Por otro lado, bañarse en la noche también tiene beneficios comprobados. Según una revisión publicada en Sleep Medicine Reviews, tomar un baño caliente entre 1 y 2 horas antes de dormir puede ayudarte a conciliar el sueño más rápido y mejorar la calidad del descanso. El agua caliente baja tu temperatura corporal de forma gradual, enviando señales de que es hora de descansar.
El baño como ritual energético
Más allá de la ciencia, también está lo que tu cuerpo y mente necesitan. En muchas prácticas de autocuidado y bienestar, el baño nocturno se asocia con limpieza energética: una forma de descargar lo que absorbiste durante el día. Mientras que el matutino puede verse como un ritual de preparación, para arrancar en blanco.

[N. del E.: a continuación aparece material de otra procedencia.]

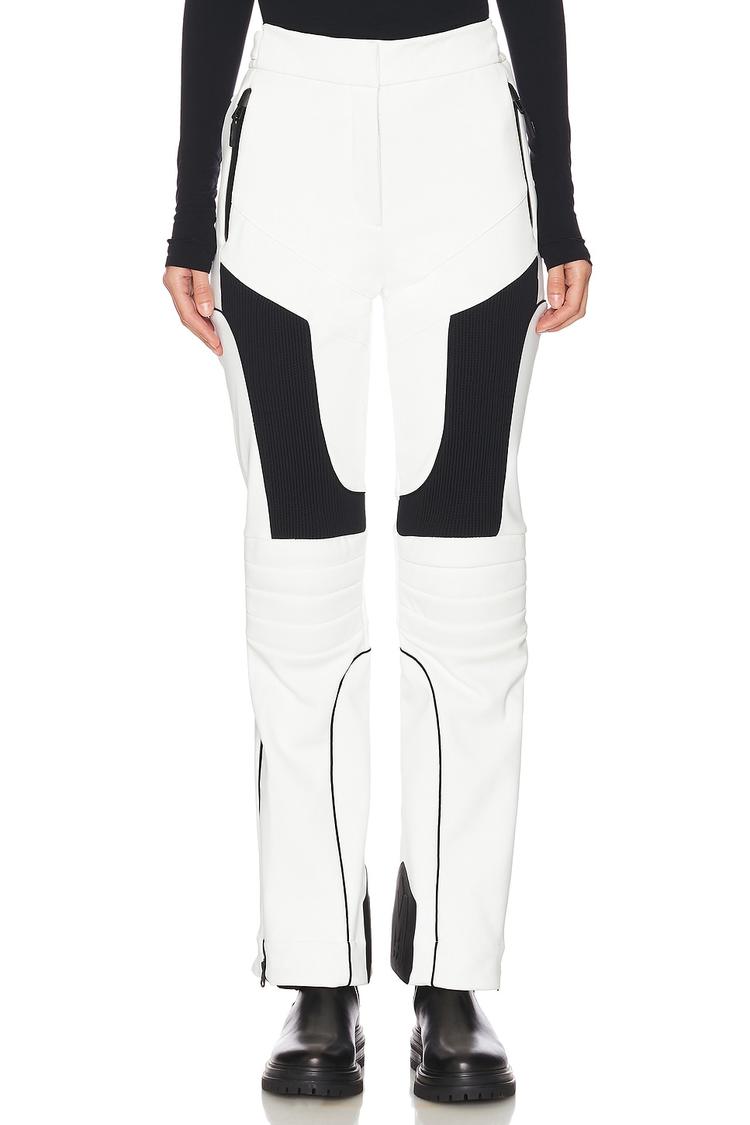 sleek white ski pants with black paneling

En esta nota sobre cómo calmar tu sistema nervioso con la voz, ya te contábamos cómo pequeñas acciones cotidianas pueden ayudarte a modular tu energía. El baño puede ser otra herramienta en esa misma línea.
Entonces… ¿cuál es mejor?
Depende de ti. Si buscas energía y enfoque, el de la mañana puede ayudarte. Si lo que necesitas es soltar el estrés, el de la noche es tu aliado. También puedes alternarlos según tus días. Lo importante es que no sea solo una tarea automática, sino un momento para reconectar contigo.
Publicado por Redacción.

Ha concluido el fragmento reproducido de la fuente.